Sendy does do special error handling for SES via SNS, and it does let you configure an SMTP server instead. But the only way to switch services in the middle of sending a campaign is to kill the server process after you change the setting. I was reluctant to do that before hearing back from support, at which point it was too late and SES was paused.

I was thinking about writing my own utility, but now that I understand how Sendy works better, I think it’s sufficient for my purposes.

@Michael Well, certainly having invalid addresses on your list isn't healthy; properly functioning bounce detection would be aware of the scale of messages sent over time and remove persistently non-working addresses. My guess is that Amazon chooses to aggressively screen "no such mailbox" because many of them are former addresses, which will soon reopen as spamtraps that would hurt Amazon's reputation. Again, there is a crazy rationale in this; the only people who need to hurt before things get serious for Amazon are Amazon's own customers. So they advise you to start slow, trickle out your mail at a rate that is unlikely to offend, and eventually you can "listwash" your list and pick up a rate that is satisfactory.
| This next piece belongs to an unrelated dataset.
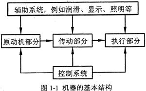 機(jī)器的發(fā)展經(jīng)歷了一個(gè)由簡(jiǎn)單到復(fù)雜的過(guò)程,人類為滿足生產(chǎn)及生活的需要,設(shè)計(jì)和制造出了種類繁多、功能各異的機(jī)器。機(jī)器類型多種多樣,基本結(jié)構(gòu)可以歸結(jié)為如圖1-l所示。機(jī)器的功能各異,所要求的運(yùn)動(dòng)形式千變?nèi)f化,并且需要克服的阻力、阻力矩也因機(jī)器工作情況而異。一般說(shuō)來(lái),原動(dòng)機(jī)的運(yùn)動(dòng)形式、運(yùn)動(dòng)及動(dòng)力參數(shù)都是有限的,而且是確定的。這樣必須解決把原動(dòng)機(jī)的運(yùn)動(dòng)形式、運(yùn)動(dòng)及動(dòng)力參數(shù)轉(zhuǎn)變?yōu)閳?zhí)行部分所需的運(yùn)動(dòng)形式、運(yùn)動(dòng)及動(dòng)力參數(shù)的問(wèn)題。這就必須靠機(jī)器的傳動(dòng)部分來(lái)完成,即機(jī)器中的傳動(dòng)部分是機(jī)器為完成各種功能所必需的基本構(gòu)成。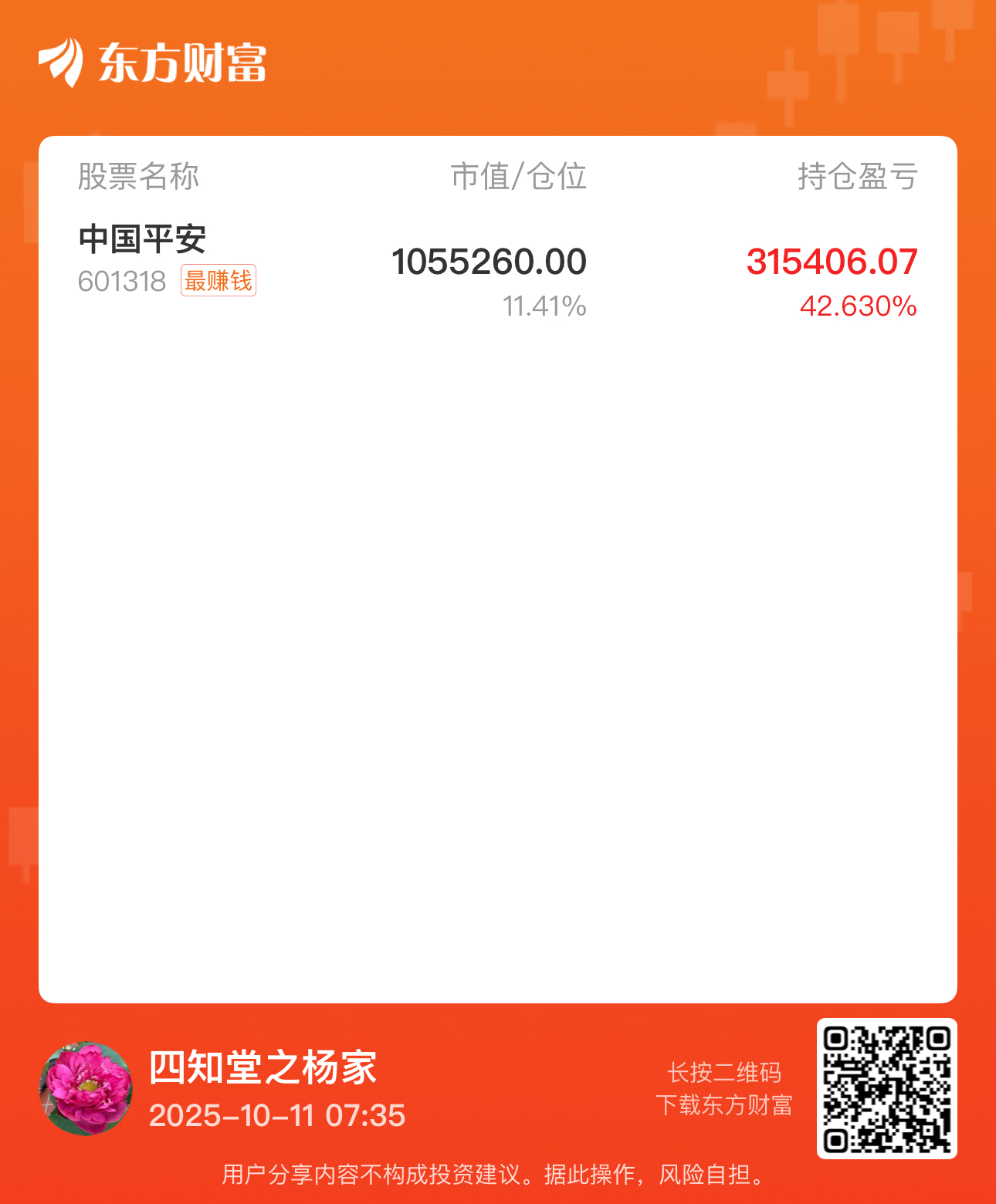 $中国平安(SH601318)$ 价值投资和长线投资在大A市场似乎是个伪命题?不知不觉中在七八月净乎清仓后,于九月再次将仓位回补回百万。老登总被小登们嘲笑,投机炒作击鼓传花的所谓高科技,自己是看不懂其中投资的价值所在,奉行不懂不做的原则,还是守着自己的老登股,时不时做做T,积少成多就是件快乐的事儿。#炒股日记# #投资随笔# #实盘记录#

I guess that now you've got through your list, you don't need to do this anymore, but I've seen people suggest address validation services be used prior to sending, which try to find invalid addresses by using "SMTP interruptus" without sending mail, before doing the initial (real) send. These won't catch everything, but would probably eliminate the bulk of the failing addresses which are immediately rejected at SMTP time. I still think Amazon's strategy, though it makes sense for maximal efficiency and minimum overall harm, is ultimately bad for senders, who need some initial period of grace to validate their lists before they can meet the promised targets for valid recipients by volume. Again, the enshittification of email.

As to Sendy, I guess the only thing I'd say is that if you run your own queueing MTA, then it can hold mail in the queue whilst you wait for your accounts to become available, or to fall back to backup relays; it also makes your life much easier for sending, since all the business of authentication, encryption, parallelism, etc. is managed by the MTA. OpenSMTPD is easily installed from MacPorts, simple to configure and can be told to relay to SMTP servers of choice, then your applications talk to your relay, which does all the retrying. Just something to consider.